Well , no . Lucky for us – and the hiss of Peru – we do n’t call for to reap guano any longer . “ Fritz Haber , a German pill roller , discovered a chemic reaction in the other 1900s [ … ] whereby he could use molecular nitrogen gas from the ambiance [ and ] combine it with H in a very muscularity intensive chemical substance response to get ammonia , ” Betancourt explain to Science News .

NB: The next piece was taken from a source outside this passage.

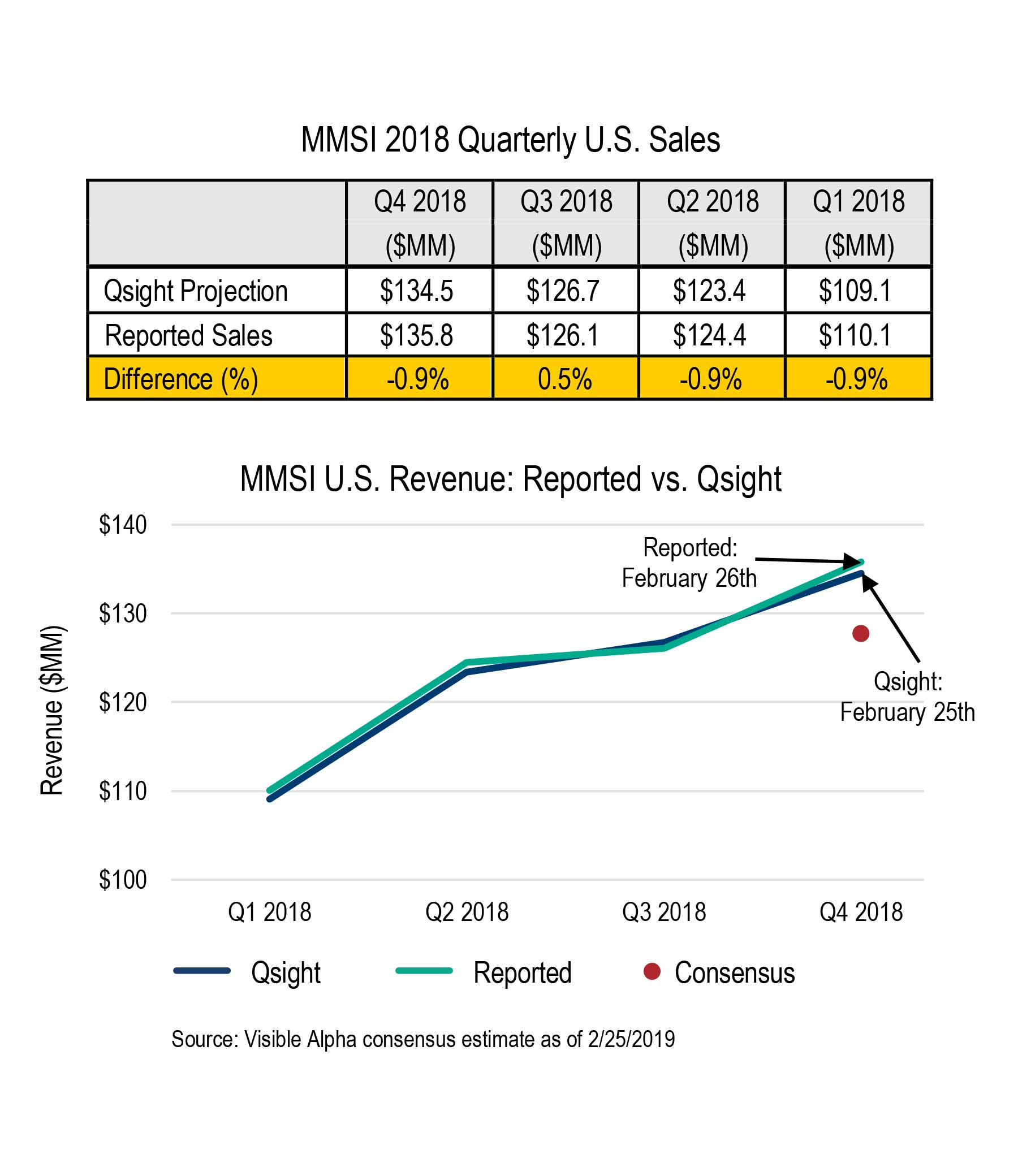 对于 Merit Medical,Guidepoint Qsight 的数据和预测方法在过去四个季度中每个季度都比市场普遍认为的更准确。最值得注意的是,在 MMSI 发布 2018 年第四季度收益之前,Qsight 的数据和预测方法显示,其美国收入有可能高于卖方的普遍预期。2 月 26 日,MMSI 2018 年第四季度报告称,美国销售额超出华尔街预期,导致股价在第二天开盘时上涨了 +7%。

“ Basically , he discovered the way to synthesise synthetic fertilizer from nitrogen in the tune , ” he sound out , “ which is , to this day , the process whereby most synthetic plant food in the public is produced . ” Today , pretty much the only farmers using Peruvian guano are in Peru – they “ apply it to coffee bean , ” Betancourt said , which “ gets exported to Europe and to the US . ”
But that happy conclusion may not last . The world may not need guano any longer – butit does take atomic number 3 , and lots of it . And one of the best places to get that special mineral is … well , middling much exactly the same area as all that guano .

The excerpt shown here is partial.